ユダヤ教の過越祭とキリスト教の復活祭の関係

イースター(復活祭)はポルトガル語ではPáscoa(パスコア)という名前で呼ばれています。これは、ユダヤ教三大祭りの一つ、Pessach(ペサハ=ヘブライ語)、日本語でいう過越祭(スギコシノマツリ)に起源を有しているという記事を書きました。

なぜ、ポルトガル語ではイースターと呼ばずにパスコア(過越祭)と呼ぶのでしょうか。それは、キリストの誕生するずっと前から、この時期がユダヤ教徒によって過越祭(パスコア)として祝われていたからです。

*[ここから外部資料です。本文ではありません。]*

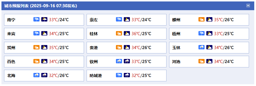 南寧市:今天白天到晚上,多云、有短時陣雨或雷雨,東南風1~2級,最高氣溫33℃,最低氣溫25℃。
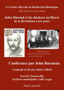 Le CHRH présente, le 13 février 2026, à 18h15, salle Legoy des Archives municipales, Fort de Tourneville, une conférence « Jules Durand et les dockers du Havre de la Révolution à nos jours...
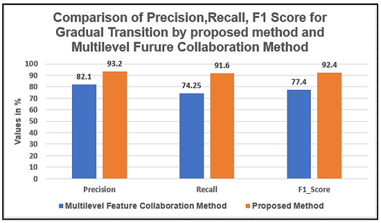 Comparison of Precision, Recall &F1 Score for gradual transitions by proposed algorithm with Multilevel Feature Collaboration Method
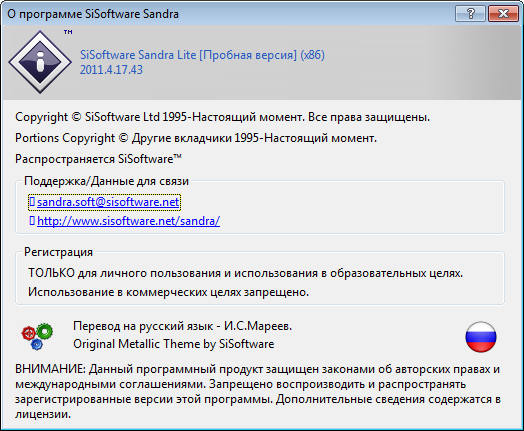 Скачать программу SiSoftware Sandra Lite 2011.4 v17.43 (54,3 МБ):
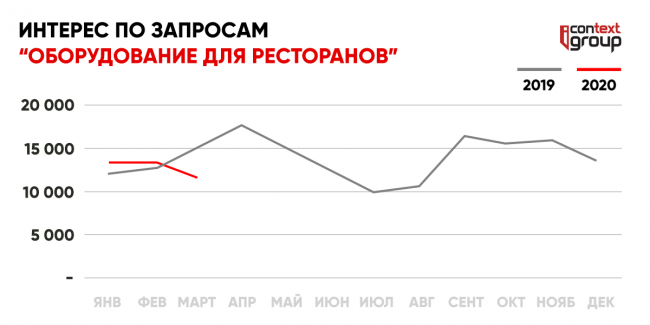 Объем интереса к категории оборудования для ресторанов нарастал в январе — феврале, ожидалось оживленное начало весенне-летнего сезона. Но в связи с закрытием мест массового посещения в марте и апреле интерес к этой категории сократился. В этой ситуации компаниям, ориентированным на обеспечение предприятий питания, стоит обратить внимание на b2c-сегмент. Здесь идет скачкообразный рост спроса на доставку товаров для дома. В эту категорию может входить посуда, столовые приборы и техника для кухни.
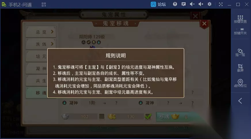 五、幽灵宠物移魂 当获得新的幽灵宠物时,可以将已培养的幽灵宠物的培元进度和凝神属性进行转移。然而,两只幽灵宠物进行移魂后,只会互换培元进度和凝神属性,等级、成长和属性等均不会发生改变。幽灵宠物的等级可以直接通过经验丹提升。
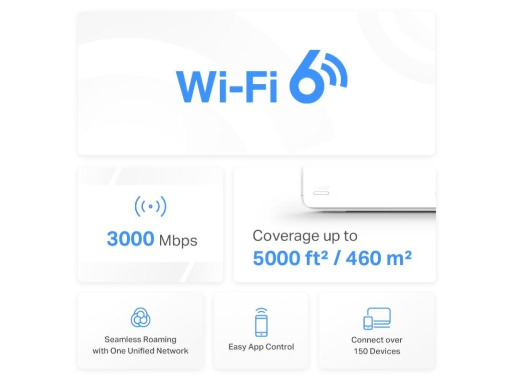 Pokrytie celej domácnosti - Pokrýva až 7 000 ft2 (650 m2) vysokorýchlostným WiFi, čím eliminuje mŕtve WiFi zóny vo vašom domove.
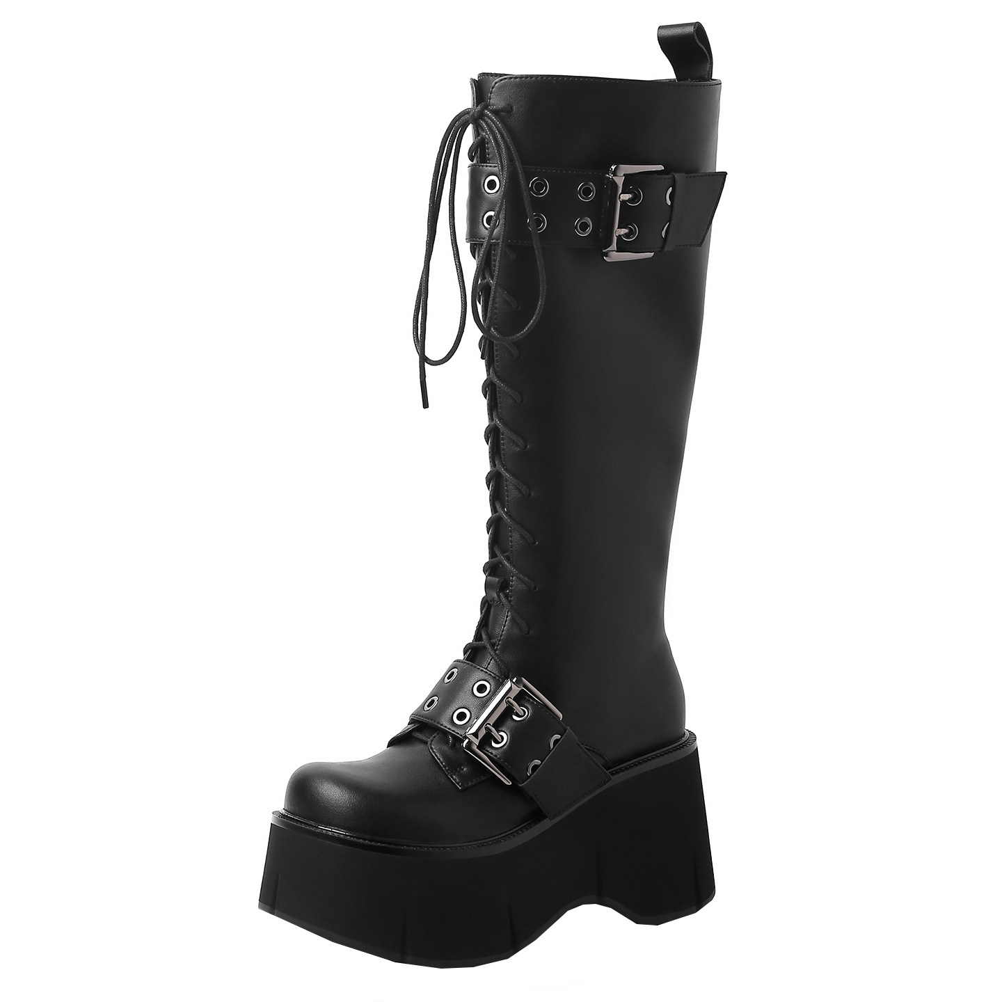 9cm黑色长筒靴女真皮松糕厚底小个子不过膝高筒靴系带圆头骑士靴

それでは、ユダヤ教徒の過越祭とキリスト教徒の復活祭はどのような関連があるのでしょうか。

過越祭とキリスト復活との関連

8日間続く過越祭の初日においては、セデル(Seder)と呼ばれる祝宴が持たれます。この日、ユダヤ人は家族を集めてごちそうを囲みます。セデルの祝宴において食卓に並べられるのは、次のようなものです。

セデルの献立

  • マッツァーと呼ばれる種を入れないパン:エジプトから脱出する際に、時間がなかったために種をいれたパンを作れなかったことを思い出すため。
  • 苦菜(セイヨウワサビの根など):イスラエル人がエジプトで味わった苦難を現す。
  • ハローセト(果実とナッツなどで作ったペースト):エジプトで奴隷だった時に作ったレンガをつなぐのに使用された泥を思い出すため。
  • ゼローア(子羊または子ヤギのすね肉):エジプト中の初子が殺された時に、子羊の血が門に塗られた家は死の使いが通り過ぎたことを象徴する。

いけにえの必要性

旧約聖書の出エジプト記12章において、過越祭りの際に子羊を犠牲として殺すことが神から指示されています。旧約聖書の時代においては、この神の命令を守って、ユダヤ人のすべての家庭において過越の晩に子羊をいけにえとしてささげていました。いけにえを捧げることは、神がイスラエル民族を奴隷という立場から解放し、故郷に戻してくれたことに感謝し、感謝の気持ちを風化させないために大切な儀式でした。

ところで、聖書では「人々が神にささげるため、子羊をいけにえとして捧げた」という話が何度も出てきます。

いけにえを捧げる目的は色々ありますが、そのひとつに、人々が犯した罪を「贖う(あがなう)」という目的があります。つまり、子羊を殺していけにえとしてささげることで、罪が赦されると考えられていたんですね。

当時の人々にとって、子羊は貴重な財産であり、これを殺していけにえにするということは、自分の持っている貴重なものを手放し、神に敬意を表すという考えがありました。また、ささげる人は、子羊に自分自身を投影していました。自分には罪があり、自分は死に値する者であるけれども、身代わりとして動物の命を捧げることで赦しを願うという考えもあったのです。

イエスによる最後の晩餐は過越祭に行われた

last supper

イエスが十字架で死ぬ前日、12人の弟子と共に最後の晩餐を行っています。この最後の晩餐が行われたのはイスラエル人が過越祭を行っている時でした。つまり、最後の晩餐は前述したセデルの儀式として行われたのです。イエスは、なぜ過越祭の期間を選んだのでしょう?それは、イエスが自分自身を過越祭の際に犠牲として屠られる子羊に見立てていたからです。

神の子羊としてのイエス(ヨハネ1:29)は、世の人々の罪の赦しを乞うために、自らを犠牲の「いけにえ」として血を流したのだと聖書に書かれています。イエスの血は多くの人の罪を赦すために流されたのです。

最後の晩餐でイエス自身が語ったとされる言葉によると、イエスの死によって、イエスの体が裂かれ血が流されることによって、イエスは神と人々とを和解させ、神との間に「新たな契約」を結んだとされます。

ユダヤ人にとって、最初の月(ユダヤ歴の1月)に行われる過越祭の時に、イエスは、自らを犠牲とし、神との間に「新たな契約」を結んだのです。イエス誕生後に神から語られた言葉が綴られた文書が「新約聖書」と呼ばれるのは、新たな契約を結んだところに由来しています。